Rich and Gil it is a Great article , I enjoyed the piece, thanks for sharing it. 

The following piece from the dialogue sums up why I believe the church of Rome is wrong in its insistence that her interpretation of scripture is infallible is still the major dividing line between Protestants and Catholics. 

When I began to read the scriptures and the scholarly treatises on the Gospel by others , namely Protestant theologians, I was told I was in error by not ultimately submitting to the interpretations given by the Roman magisterium. It is the major reason I am today a protestant and no longer a catholic in allegiance with the church of Rome and her pope. 

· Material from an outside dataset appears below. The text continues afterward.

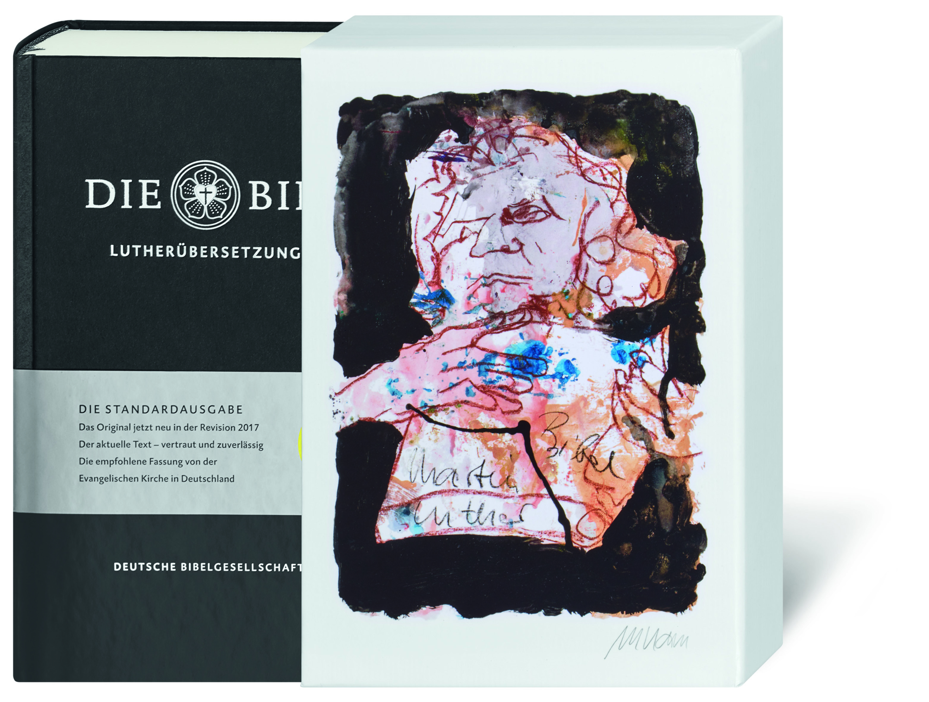 Anlässlich des Jubiläums 500 Jahre Reformation haben Prominente individuelle Buchschuber für die Lutherbibel 2017 in einer limitierten Auflage gestaltet. Als Grundlage seiner Gestaltung wählte der Schauspieler Armin Mueller-Stahl den Bibelvers "Gott ist unsere Zuversicht und Stärke, eine Hilfe in den großen Nöten, die uns getroffen haben (Psalm 46,2)

*History simply stands against any claim that the Church of Rome has been as self-consistent or clear as Scripture*

“Of course there is a “living teaching authority in the church”: normatively, Christ, by his Spirit, speaking in his Word and, subordinately, the common confession of this Word through the instruction of pastors and teachers (held in check by elders). It’s not an infallible, fail-proof system. But then, neither is Rome. History simply stands against any claim that the Church of Rome has been as self-consistent or clear as Scripture. And I repeat my earlier point that the anathemas of the Council of Trent (reaffirmed ever since) actually set Rome in opposition to the clear, marvelous, and saving gospel that is taught in Scripture. So even if there were an infallible teaching office in the church today, *Rome would fail that crucial test“.*


----------



## Marrow Man (Dec 31, 2010)

Is there a link to the original exchange? I am not seeing it in the OP.


----------



## PuritanCovenanter (Dec 31, 2010)

Marrow Man said:


> Is there a link to the original exchange? I am not seeing it in the OP.


 
I believe it is here Tim.

Reformation Day +1 - White Horse Inn Blog


----------



## LawrenceU (Dec 31, 2010)

Thanks for posting this, Rich. This issue of Sola Scriptura and the perspicuity of Scripture is at the forefront of battle today. It may well be that many of the 'young, reformed, and restless' crowd will follow the same path that Cross has walked. I know that I have seen it happen, first hand - and from an RTS graduate to boot. Neo-paganism, postmodernism, nihilism they are interconnected and they are vile worldly philosophies that warp the mind inhibiting rational thought.


----------



## Michael (Dec 31, 2010)

I'm assuming that the only way to view the entire dialogue is to purchase a subscription to _Modern Reformation_.


----------



## Semper Fidelis (Dec 31, 2010)

PuritanCovenanter said:


> Marrow Man said:
> 
> 
> > Is there a link to the original exchange? I am not seeing it in the OP.
> ...


 That's a portion of the exchange. The full exchange is found here but you need an MR account to read it: Modern Reformation - Articles


Michael said:


> I'm assuming that the only way to view the entire dialogue is to purchase a subscription to _Modern Reformation_.


 I'm not certain. You can get an account on their website for free but I'm uncertain whether you can read the exchange without a subscription. In my opinion, MR is well worth the subscription and I have been reading it with great profit for about 15 years.


----------



## StrictBaptist (Dec 31, 2010)

Thanks for posting this. As a ex-RC I know why its so hard for a RC to see the error of his ways. I will check it out for sure.


----------